Kelle Groom & the Discovery of Compassion
In a early chapter of her memoir, I Wore the Ocean in the Shape of a Girl, Kelle Groom describes herself as a “ghost mother.” She’d surrendered her son to her aunt and uncle shortly after his birth, knowing that her alcoholism had already gotten to the point where she was unable to provide the care he needed. When he died of leukemia just a few years later, her own life began to deteriorate as well. As the memoir reveals, getting sober was only part of the answer… and when, years later, Groom started to write about what happened, she found that the journals she’d written back then were little help: “Reading about myself,” as she writes in this guest essay, “was like watching someone drown.” It was only by starting over, and looking at her younger self from a completely fresh perspective, that she was able to find the story she sought—but also something more.
When I think about the driving forces behind the writing of my memoir, I remember the first pieces I wrote—journal entries that began in 1979 and ran through the mid 1990s. I always wrote at night, when things quieted. When I wrote—though no one ever read my journals—I always felt heard. I became myself in a way I couldn’t in my daily life. At times, not writing was almost a kind of suffocation.
When I was 20 years old, I began trying to write poems about some of the material in my memoir. Everything was so hidden in these poems. At 22, newly sober, I wrote both poems and stories that drew on the life I was living. By then, I was desperate for clarity, to be able to see what had happened. In my late twenties and early thirties, I wrote mostly poetry, and in those poems from my first collection, Underwater City, I began trying to find my son who had died in 1982. In these elegiac poems, and those in my second collection, Luckily, I also looked at the drinking that had so undermined me and the related violence—trying to see the girl I’d been and what happened to her.

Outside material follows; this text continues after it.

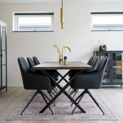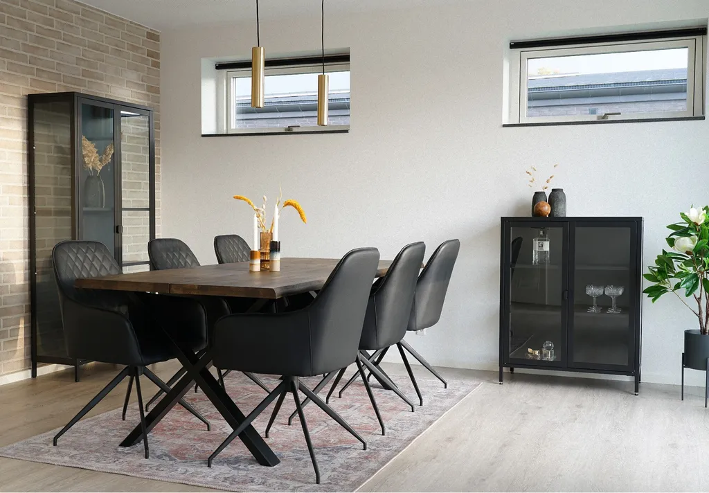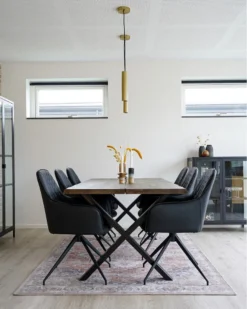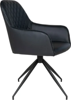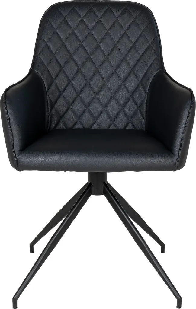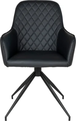 Der drehbare Esszimmerstuhl Ava aus schwarzem Kunstleder bietet Ihnen ultimativen Sitzkomfort.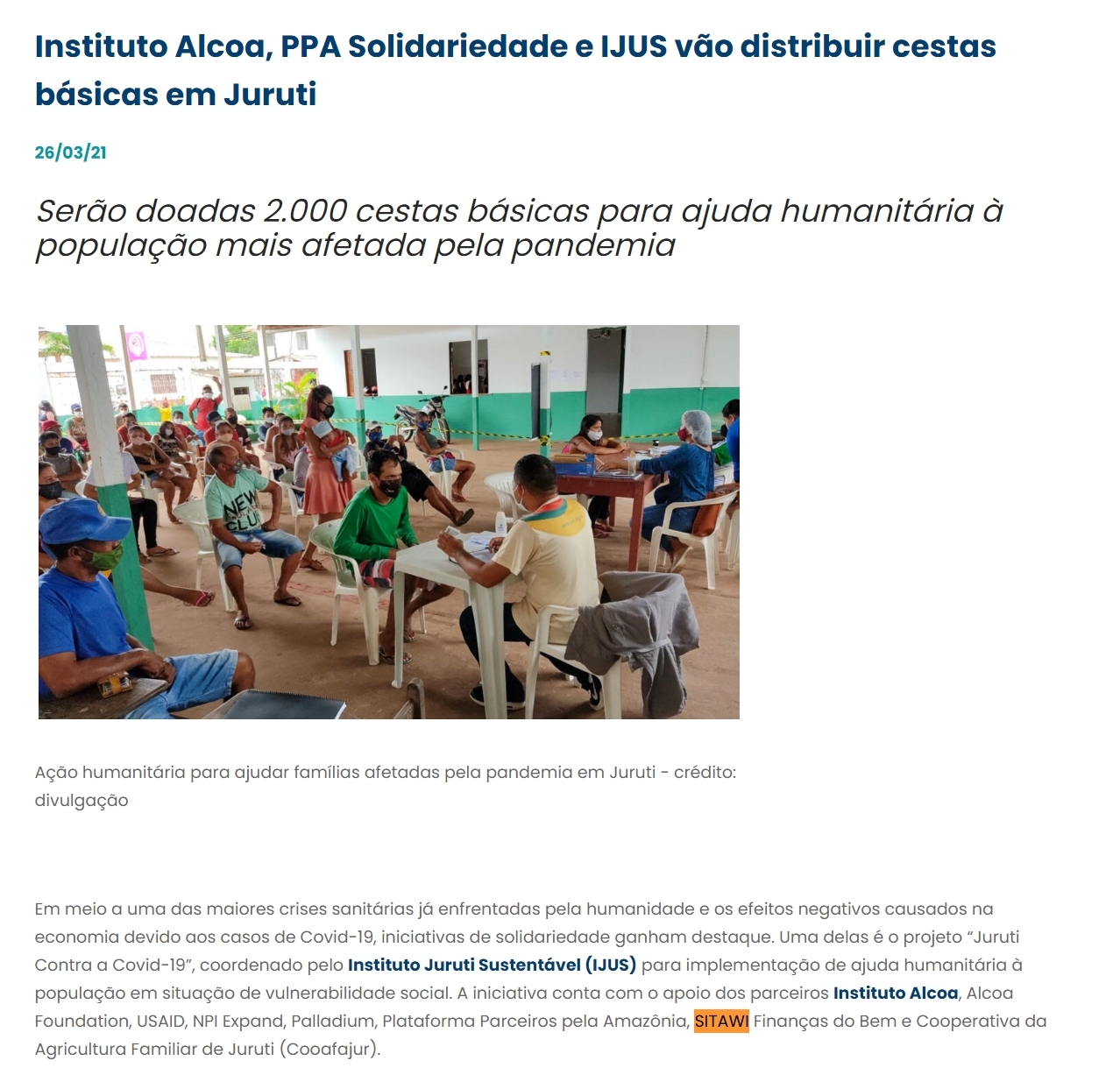 Instituto Alcoa, PPA Solidariedade e IJUS vão distribuir cestas básicas em Juruti

In 2002, I had the idea of digging out those early journals and typing them up. I thought that they might reveal something and combined into a narrative, make a coherent whole. Instead, it was the opposite. While they were full of detail, the journals swamped me. There was simply no possibility for hope in them. Everything reduced to anecdote. Reading about myself was like watching someone drown. A fellow poet, Michael Burkard, who read that early “draft” suggested that I’d have to write it from the beginning. So, in 2006, I started over.
It was only in writing this story from the beginning, and seeing my younger self as a character, that I could access the clarity and compassion that I needed. I felt that by writing about my son, I could find him in whatever way was open to me. That is the force that drives my book. I Wore the Ocean in the Shape of a Girl is a lyrical memoir. I wanted the spaciousness of prose, but as Nathalie Sarraute said, “Poetry is what makes the invisible appear.” Through writing, I hoped to find a way into action in my own life, to take me to my son, and to find the lost girl I’d been.
There is the question of guilt that runs through the book. Who to blame for my son’s death. In the darkness of my early twenties, I’d felt unsalvagable. Ruined. I’d had the impulse to be torn into nothingness. To be punished for letting my son die. There is a chapter that takes place in a homeless shelter where I worked for three years. It’s a time and place where I feel nearly invisible, except to the children who live there, who reached out to me daily. It’s a joy to see them again in these pages.
Visual art is a source of beauty in the book, in paintings and in a statue of Guanyin, the Bodhisattva of Compassion, from AD 580 China, who has been standing in the Museum of Fine Arts, Boston since 1912. When I find her, I don’t yet know that she’s a mother too, a kind of Mary. I don’t know that’s she’s not going anywhere until no one is suffering. But I could feel her kindness. I can feel it from here. I don’t think I’d have found her without this book. The writing brought me to my son, and to her—this forgiving mother.